Health
Our Ambivalent Relationship to the Aged
In the pandemic, protection of the frail elderly has not been a high priority
Posted June 22, 2020 Reviewed by Lybi Ma
This post was written with Paul Scherz, an associate professor of moral theology and ethics at The Catholic University of America. We are co-editors of The Evening of Life: The Challenges of Aging and Dying Well (forthcoming from the Notre Dame Press).
Martha Crawford spent her adult life surrounded by family. As she came to require skilled nursing care, she entered a facility near her two youngest children. Failing steadily, she was in her last days when the pandemic hit, and all visitation was suspended. She died two weeks later of a condition unrelated to the pandemic. Nonetheless, she died alone and was interred alone. Neither vigil nor funeral were permitted.
Ms. Crawford’s experience is not unique. Thousands of others have quietly faced their greatest fear in this pandemic: not to die, according to reporting in The New York Times, but to die alone.
This viral storm is exposing deep contradictions in our way of life. None is greater than our ambivalent relationship to the frail elderly.
COVID-19 disproportionately strikes the old. This very fact is one of the key reasons for the unprecedented stay-at-home orders and visitor bans at long-term care facilities (LTCF) across the country. These well-intentioned actions aimed at protecting the oldest and most vulnerable among us. Yet our response also betrays some of the worst tendencies of our society in confronting the distinct circumstances of the aged.
This group already suffers from isolation and loneliness. A February National Academies report showed that loneliness is widespread in the older population and contributes substantially to their health problems. A 2017 study found some 40 percent of nursing facility residents reporting depressive symptoms. Now, in the name of health, safety, or “flattening the curve,” draconian measures sever sources of resilience, and the care and connections that make life worth living. While the rest of society may be “opening up,” we are hearing proposals for prolonged isolation of the old.
The high percentage of COVID deaths occurring in LTCFs makes it obvious these measures are failing. Long before the current pandemic, we knew that people residing in such facilities were susceptible to infectious diseases with potentially devastating consequences. Their risk is elevated by their overall frailty, close living arrangements, shared caregivers, and, in many homes, poor infection control training and practice. Aside from extreme visitor restrictions, we know of no steps to provide alternative arrangements, as are made in facilities with similar risks, like prisons. In fact, the proposed California budget would cut funding for community-based health programs that allow people to age at home.
Stay-at-home orders do little to address this vulnerability since they do not apply to the millions of facility staff. The circumstances of these low-paid workers make them disproportionately vulnerable to the disease. Further, state policies focused on hospitals have made things worse. LTCFs have struggled to gain testing capacity and overcome severe shortages of personal protective equipment. The mandate by New York, now rescinded, requiring nursing homes to accept COVID-19 patients from hospitals is a glaring example of this neglect and one that almost certainly contributed to the very high LTCF death rate in that state.
The protection of the frail elderly has simply not been a high priority. The daily body count of COVID reveals another blindspot: little research exists on the dynamics of these kinds of diseases in LTCFs. While COVID-19 is different from the flu, no one has bothered to count flu deaths among the elderly. We know anecdotally that they are common, but in a 2019 review of the published literature, researchers found only two small US studies of the burden of flu among LTCF residents, published in 1983 and 1986 respectively. Similarly, both the Centers for Disease Control and Prevention and the Centers for Medicare and Medicaid Services report that there are as many as 380,000 deaths from infectious pathogens in LTCFs each year. These agencies provide no source, but we traced this frequently cited estimate to a single paper published in 2000 based on small studies conducted in the prior two decades. Clearly, there has been little effort to create an evidence base for more effective clinical practice, policy, and prevention measures.
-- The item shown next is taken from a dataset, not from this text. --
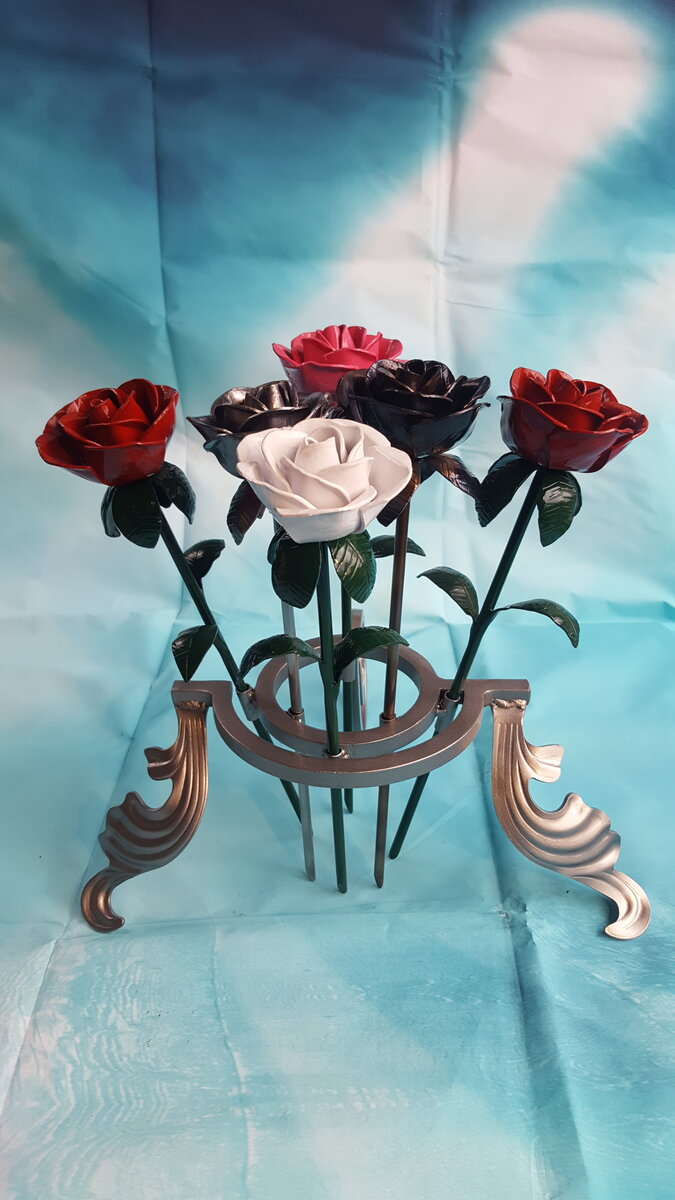 These are Hand Forged Roses.  I make them from 16 gauge steel, Can come in a variety of colors or polished steel.  Normally  $129,  But for anyone willing to get one, they are $100 + shipping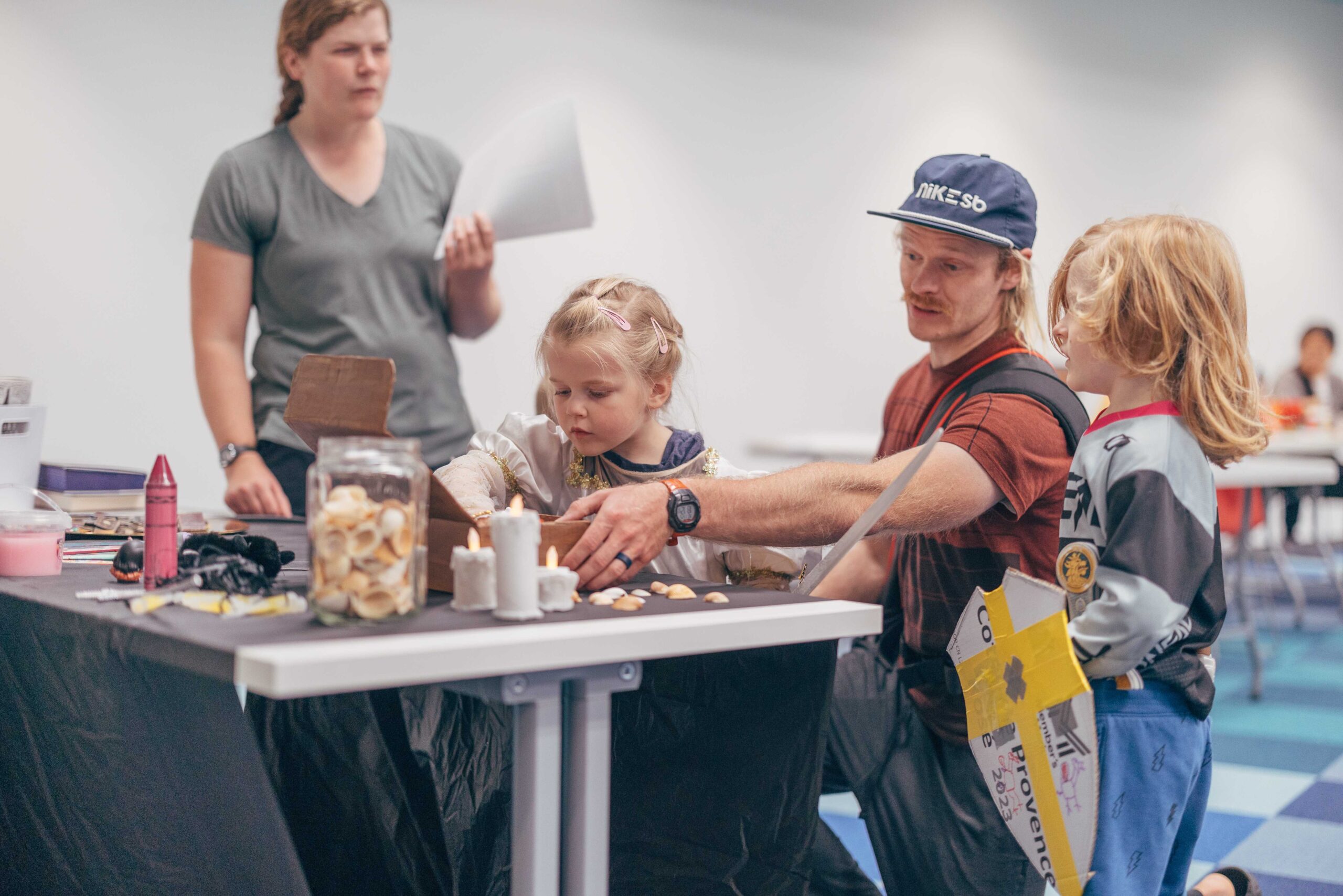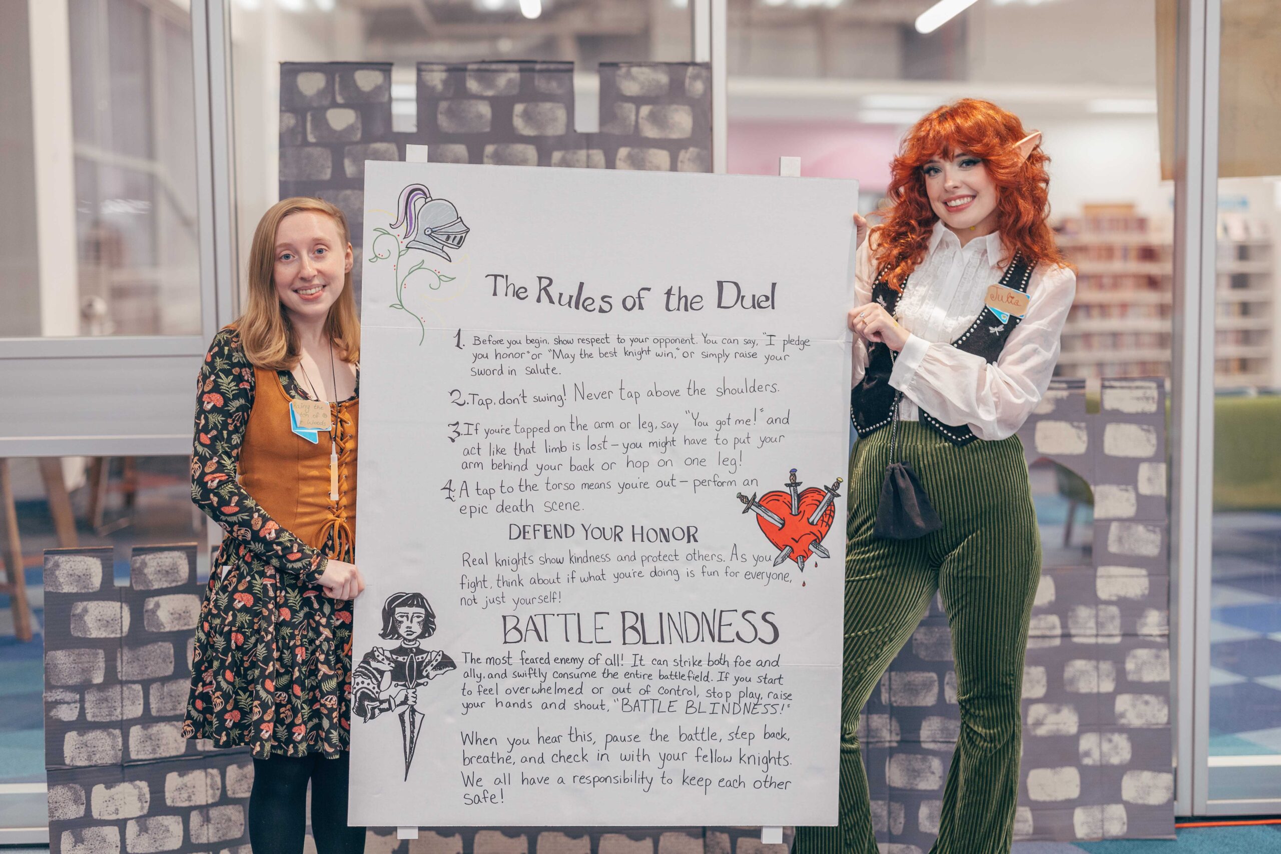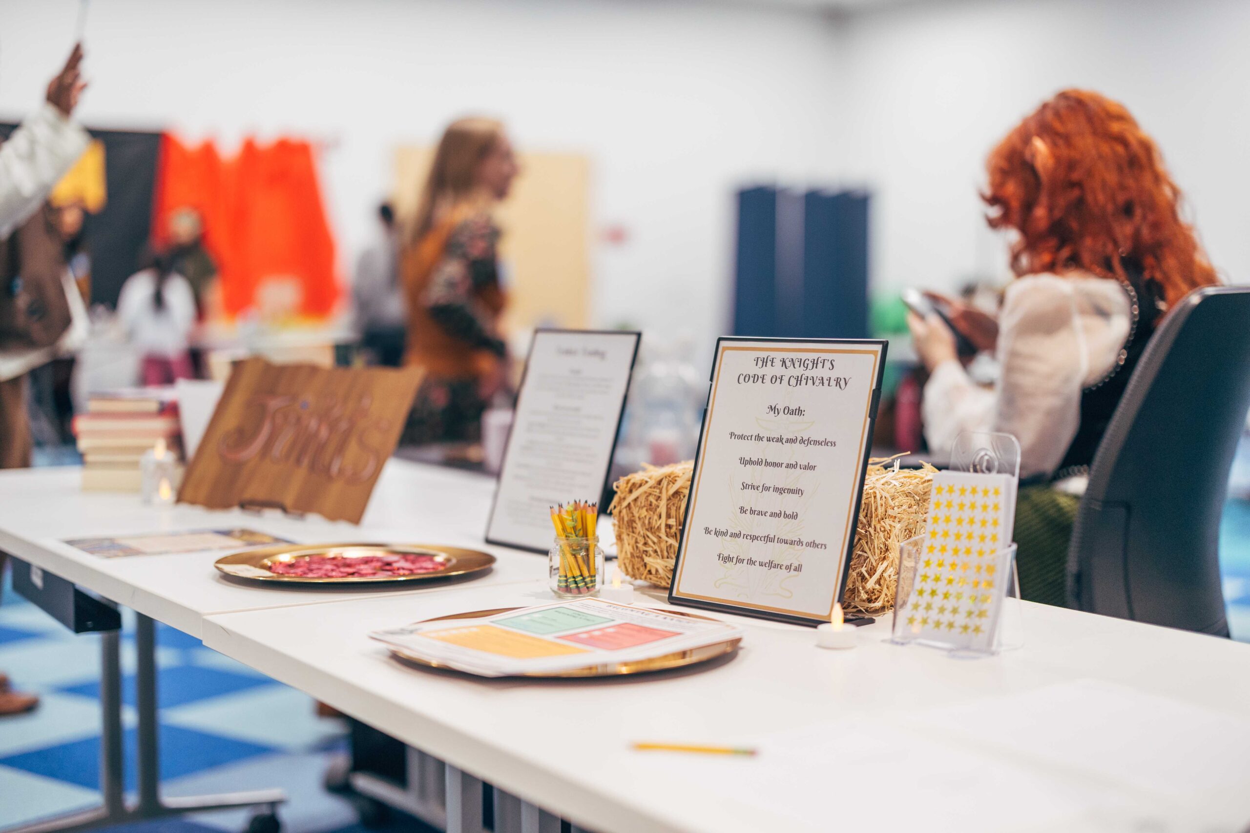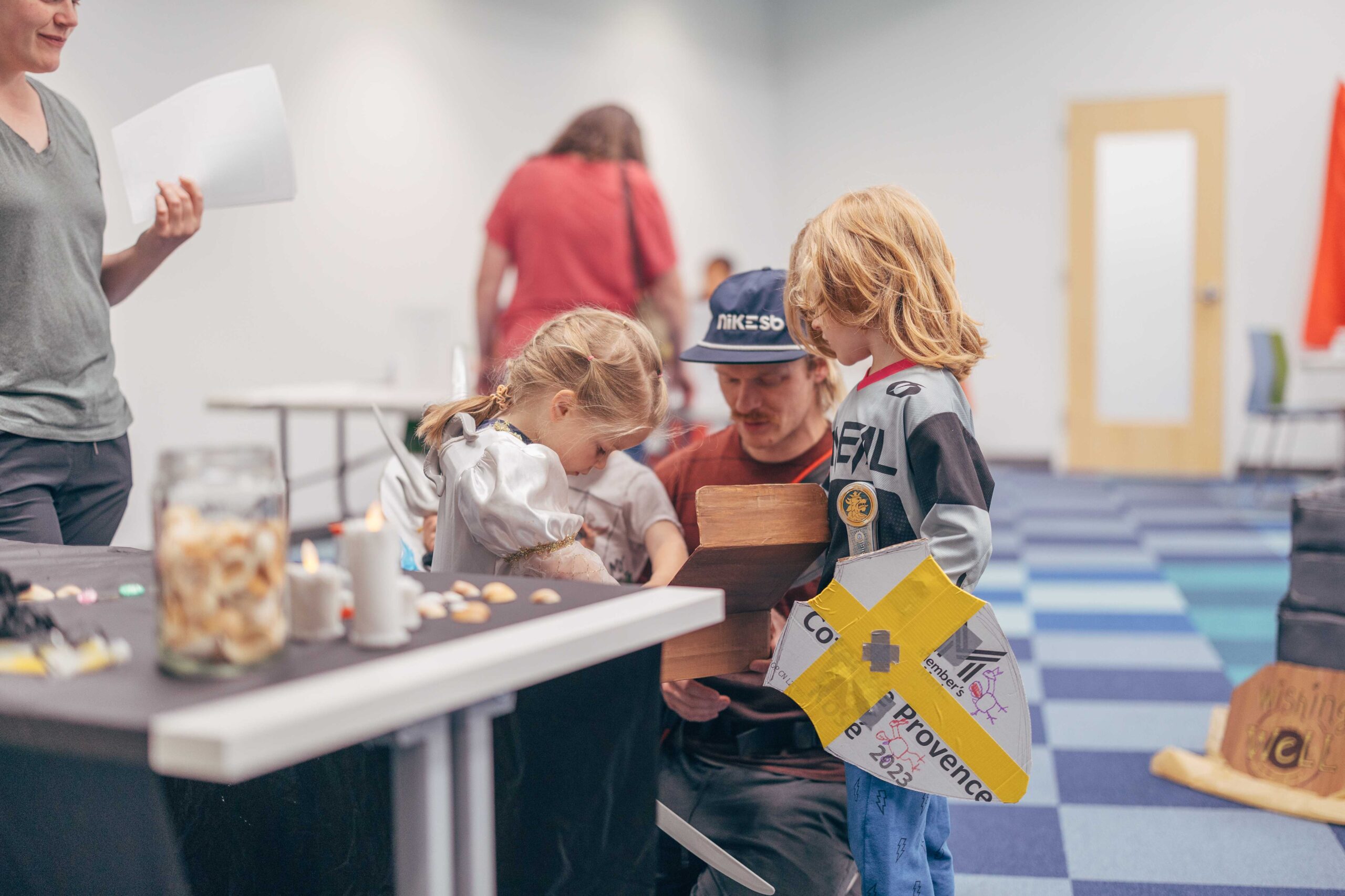 Activities included trinket trading, making your own coat of arms, making potion bottles, weaving looms, a dueling sword fight arena with foam swords, various riddles to solve, and a knighting ceremony. We also played “bardcore” versions of popular songs!

In this and other ways, our response to COVID-19 reveals a deeply ambivalent attitude toward the frail elderly—isolate them for their safety but avoid the targeted steps that would secure it; prioritize their health but actualize their worst fears; spend billions on aging research but a tiny fraction on the most lethal killers.
It doesn’t have to be this way. The pandemic could teach us important truths we otherwise so often deny. It could show us that we are all dependent, vulnerable, and frail. It could illuminate the ways that our society, for old and young, is not properly structured to enable care. And it could help us recognize, with Ms. Crawford, that some things are more precious than life itself.